Giliran Menengok
Anak-Anak dan Cucu-Cucu
Senin, 05 November
2012
Mmemasuki tahun ke-2
sebagai menteri BUMN saya bisa melangkah ke program yang lebih dalam. Misalnya,
pembenahan anak-anak dan cucu perusahaan. Meski jumlah BUMN itu “hanya” 141
buah, anak-anak dan cucunya banyak banget.
Tiap minggu Rapim
Kementerian BUMN yang secara konsisten dilakukan tiap Selasa pukul 07.00 itu
akan ditambah satu agenda: evaluasi anak dan cucu perusahaan. Rapatnya memang
lebih panjang, tapi tahap pembenahan anak-cucu perusahaan itu sudah waktunya
dilakukan. Efisiensi sudah waktunya dilakukan sampai ke anak cucu.
Pekan lalu sudah
dimulai mengevaluasi anak-cucu perusahaan di kelompok industri strategis.
Beberapa anak perusahaan yang hanya terus-menerus menyusu ke induknya harus
disapih: tidak boleh induk perusahaan terus digerogoti anak perusahaan. Baik
penggerogotan keuangan maupun penggerogotan energi. Jangan sampai ada anak
perusahaan yang membuat “anak polah bapak kepradah”.
Tentu banyak anak
perusahaan yang harus dipertahankan. Terutama anak perusahaan yang justru
memperkuat induknya. Baik memperkuat posisi pasar maupun memperkuat keuangan.
Anak perusahaan PT
Krakatau Steel yang bergerak di industri hilir baja, misalnya, perlu
dipertahankan. Tapi, cucu perusahaan yang berbisnis pembuatan air minum kemasan
harus dilepaskan. Terlalu kecil skalanya dan terlalu jauh dari core
business-nya.
Demikian juga
anak-anak perusahaan PT PAL Surabaya. Hanya satu yang boleh diteruskan. Tiga
anak perusahaan lainnya harus dilepas. Apalagi, di anak perusahaan tersebut PT
PAL hanya memegang saham minoritas.
PT PAL harus fokus
pada pembuatan kapal, beserta pemeliharaan dan perbaikan. Terutama pembuatan
kapal perang. Kementerian Pertahanan kini memiliki anggaran pengadaan
persenjataan sangat besar. Ini harus ditangkap semaksimal mungkin. Caranya:
membuat Kementerian Pertahanan puas. Mutu kapal yang dibuat sangat baik dan
penyelesaian ordernya tidak molor. Kelemahan lama PT PAL di bidang itu tidak
boleh lagi terjadi.
Tidak ada artinya PAL
memiliki anak perusahaan yang bergerak di bidang pembuatan boiler dan turbin.

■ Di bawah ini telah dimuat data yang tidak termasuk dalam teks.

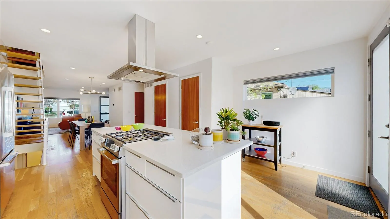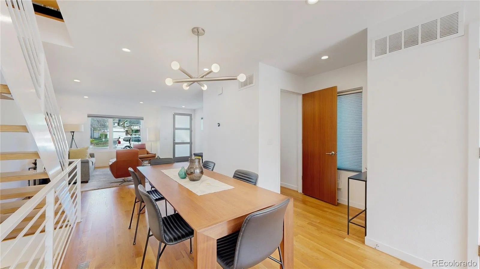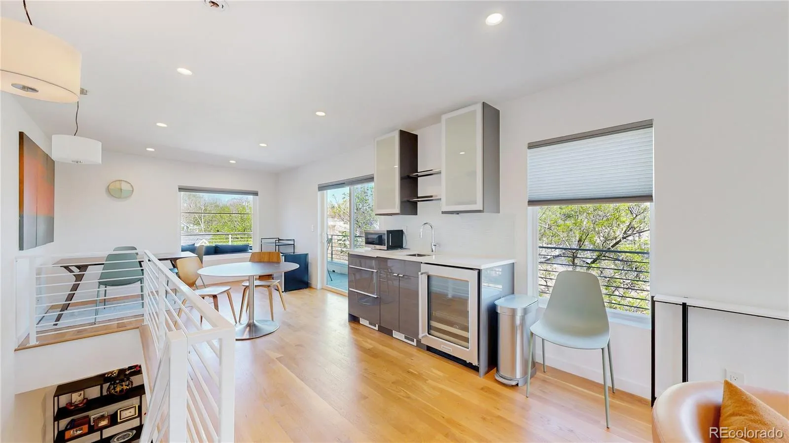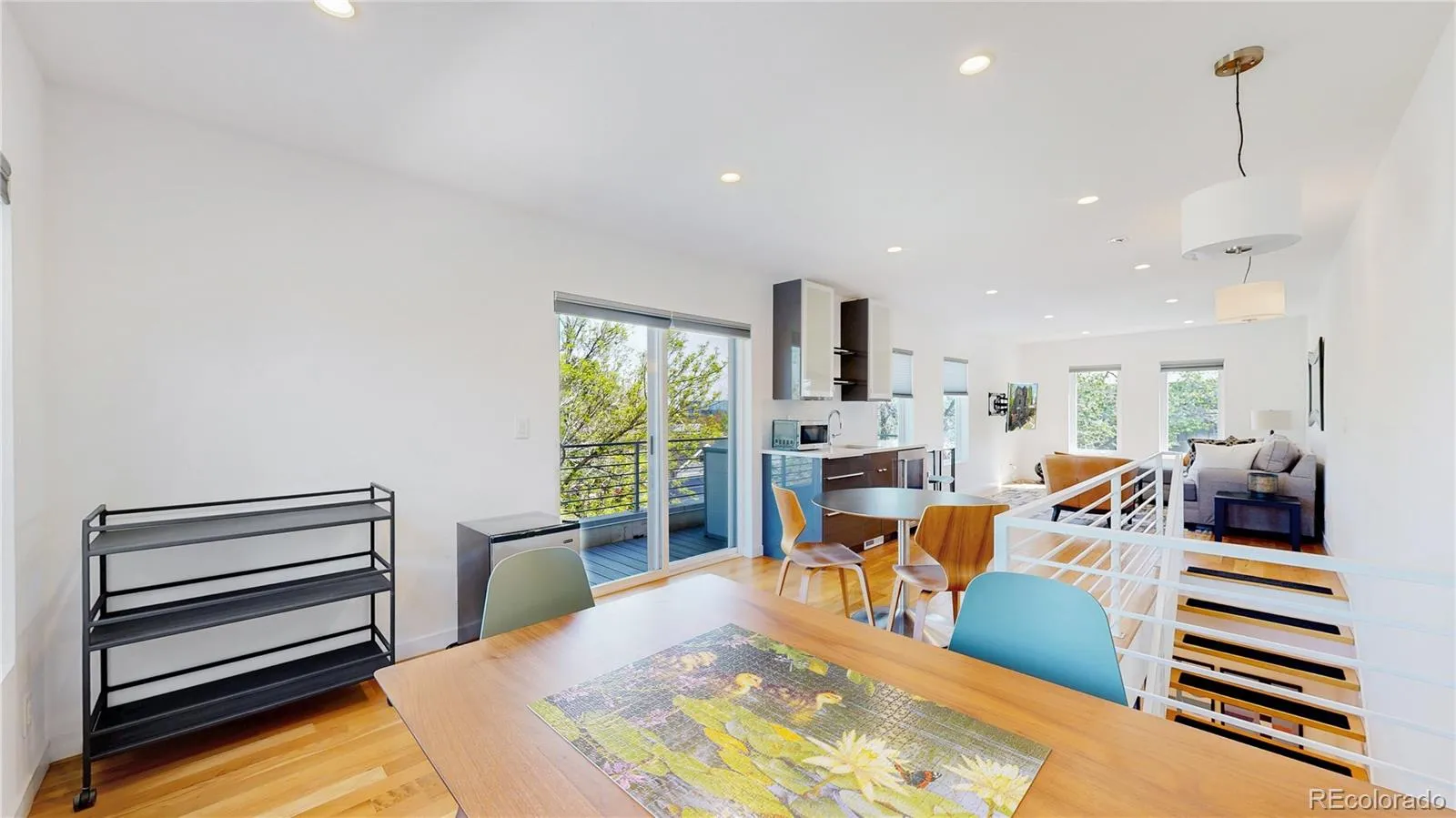 Experience elevated city living in the heart of LoHi, one of Denver’s most sought-after neighborhoods known for its vibrant energy and walkability. Built in 2014, this stunning modern duplex blends thoughtful design with high-end finishes, offering a seamless balance of comfort and style. The open-concept main level showcases gorgeous hardwood floors, a striking open rail and open tread staircase, and a chef-inspired kitchen complete with Bosch appliances, a five-burner range, quartz countertops, glass backsplash, and a generous pantry–perfect for both everyday living and entertaining.

Apalagi, melangkah lebih jauh: menjadi kontraktor EPC pembangkit listrik.
Anak-anak perusahaan tersebut harus ditinggalkan. Terlalu jauh dari bisnis
utama PAL. Akhirnya hanya mengganggu reputasi dan nama baik PAL.
Waktu awal-awal saya
menjabat Dirut PLN, saya menemukan proyek listrik yang macet bertahun-tahun:
proyek geotermal Ulumbu di Flores Barat. Akibatnya, listrik di kota Ruteng
harus menggunakan genset dengan bahan bakar BBM yang mahal.
Kontraktor proyek itu
ternyata PT PAL. Macet, cet! PAL tidak punya kemampuan dana dan daya untuk
menyelesaikannya. Saya pun menulis “Sumpah Ulumbu” ketika pergi ke Ruteng.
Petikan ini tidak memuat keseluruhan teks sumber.